The knowledge base comprised 24 specialist-curated templates spanning different specialties like infectious disease, hematology, endocrinology, cardiology, gastroenterology, and neurology, containing 1,240 clinical decision points. Each template was constructed through a structured Delphi process with a group of specialists at Stanford Medicine. Templates covered both common presentations (e.g., “elevated TSH management”) and specialty-specific scenarios (e.g., “neutropenia evaluation in oncology patients”).

These templates represented the standard referral guidance documents used within Stanford’s eConsult program. Each template was converted to plain text and embedded using the same sentence-transformer model, creating a searchable embedding database.

Technical Implementation

The embedding pipeline and retrieval system were implemented in Python, utilizing the sentence-transformers library for embedding generation, scikit-learn for cosine similarity computations, and LangChain for efficient vector storage and retrieval. All evaluation code, including data handling, embedding generation, and performance computation, was run locally and reproducibly using open-source libraries such as NumPy, pandas, and FAISS for efficient vector operations.

Validation Dataset

For validation, we utilized all available historical eConsult records from Stanford Health Care’s clinical data warehouse that met our inclusion criteria, yielding 434 queries across five specialties (cardiology, urology, gynecology, pulmonology, and nephrology). However, during evaluation, the system could choose from all 24 available eConsult specialty templates (e.g., endocrinology, hematology, rheumatology, psychiatry, gastroenterology, etc.). All validation data derived from eConsults was completed between July 2023 and April 2024. This dataset represents the real-world specialty routing of eConsult cases at our institution, providing an authentic test environment for the embedding-based routing system. All data were de-identified following the Safe Harbor method following National Institute of Standards and Technology (NIST) guidelines. Additionally, clinical text was anonymized using the TiDE algorithm to ensure compliance with privacy regulations25. Table 1 presents the distribution of medical specialties in the dataset, showing the number of cases for each specialty.

Table 1.

Distribution of clinical questions across five specialties in the validation dataset.
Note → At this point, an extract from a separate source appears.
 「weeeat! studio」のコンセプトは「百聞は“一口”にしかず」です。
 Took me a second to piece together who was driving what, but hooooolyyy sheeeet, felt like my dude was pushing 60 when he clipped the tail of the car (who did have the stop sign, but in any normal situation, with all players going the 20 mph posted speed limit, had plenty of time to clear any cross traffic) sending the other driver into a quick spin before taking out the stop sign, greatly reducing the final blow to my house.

graphic file with name AMIASYMPROC-2025-9210-t1.jpg

Outcome Measures and Analysis

The primary outcome was concordance between the system’s specialty prediction and the actual specialty that answered the clinical question in the retrospective eConsult data set (‘ground truth specialty’). This ground truth reflects real-world routing decisions made by clinicians and specialists within Stanford’s eConsult system. Since related templates like “Pulmonology” and “Interventional Pulmonology” exist, we grouped these together, counting both as correct matches to the same specialty category.
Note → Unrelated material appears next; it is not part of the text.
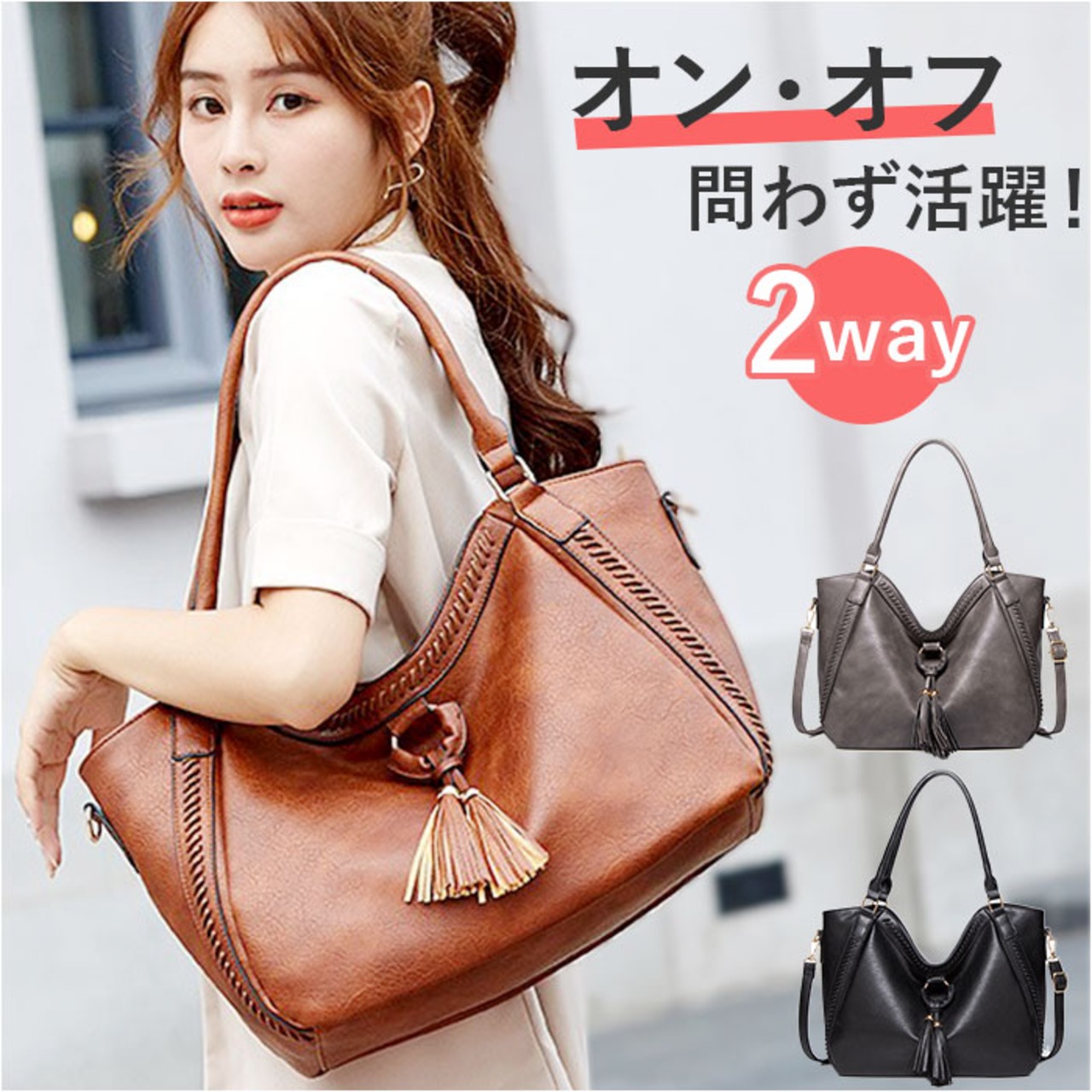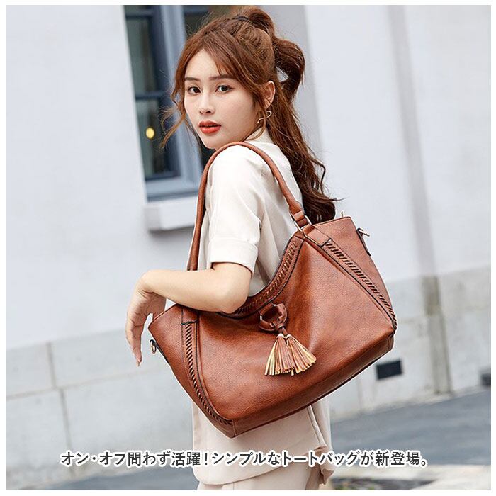 トートバッグ レディース 通勤 通販 大きめ A4 トートバック ビジネス トート 2way ショルダー ビジネスバッグ ショルダーバッグ 肩掛け 斜めがけ ビジネスバック 大容量 おしゃれ シンプル 無地 きれいめ 上品 合皮 PU フェイクレザー タッセル チャーム付き

We evaluated system performance using two ranking-based metrics: success@1 and success@3. A prediction was considered a success@1 if the top-ranked template matched the ground-truth specialty assigned to the clinical question. Similarly, success@3 was defined as a correct match appearing within the top three retrieved templates.

Results

Overall Performance

As shown in Table 2, the overall success@1 accuracy was 0.87, indicating that in 87% of cases, the highest-ranked template correctly matched the ground-truth specialty. The success@3 accuracy reached 0.99, meaning that in 99% of cases, the correct specialty appeared within the top three ranked templates.

Table 2.

System performance by specialty.

graphic file with name AMIASYMPROC-2025-9210-t2.jpg

Performance varied across specialties. Cardiology achieved the highest success@1 accuracy at 0.96, while nephrology had the lowest at 0.73. Pulmonology, gynecology, and urology exhibited intermediate accuracy levels, ranging from 0.79 to 0.86. Even when the system’s top guess was wrong, the correct specialty was still included among its top three suggestions in 99% of cases for all specialties.
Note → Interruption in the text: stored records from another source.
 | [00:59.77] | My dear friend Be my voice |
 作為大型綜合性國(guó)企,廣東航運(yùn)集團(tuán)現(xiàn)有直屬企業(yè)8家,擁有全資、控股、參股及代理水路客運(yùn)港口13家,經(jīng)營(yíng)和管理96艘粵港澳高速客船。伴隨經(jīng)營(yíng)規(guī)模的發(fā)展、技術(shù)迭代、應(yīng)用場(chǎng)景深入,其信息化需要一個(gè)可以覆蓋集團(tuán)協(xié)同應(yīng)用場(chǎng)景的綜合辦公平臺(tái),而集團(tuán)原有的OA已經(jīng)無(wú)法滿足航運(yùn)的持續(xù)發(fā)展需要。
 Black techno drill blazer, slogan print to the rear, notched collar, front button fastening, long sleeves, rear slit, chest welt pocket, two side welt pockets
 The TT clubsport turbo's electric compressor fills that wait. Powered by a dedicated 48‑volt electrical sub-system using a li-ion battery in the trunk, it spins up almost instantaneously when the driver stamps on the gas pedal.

For success@1 (87%), the 95% CI was [83.8%, 90.2%], and for success@3 (99%), the CI was [97.6%, 99.7%]. These intervals were computed using bootstrap resampling (N=1000). These results demonstrate that the embedding-based retrieval approach is highly effective at routing clinical questions to the correct specialty and eConsult templates.

Error Analysis

To better understand the system’s limitations, we conducted an error analysis on cases where the correct template did not appear at rank one (i.e., failed success@1). Out of 434 total cases, 57 (13.1%) were misclassified (Figure 2). The most common specific error patterns were nephrology being confused with endocrinology (10 cases, 2.3%) and pulmonology being misclassified as oncology (6 cases, 1.4%). When analyzing overall specialty-level performance, urology had the highest error rate (26.9% of all urology cases), followed by nephrology (21.3%) and gynecology (19.0%).

Figure 2.

Figure 2.

Misclassification rates per specialty in success@1 predictions. Urology exhibited the highest misclassification rate (26.9%), followed by nephrology (21.3%) and gynecology (19.0%). The lower misclassification rate for cardiology (4.1%) suggests the model’s robustness in correctly identifying cardiovascular cases.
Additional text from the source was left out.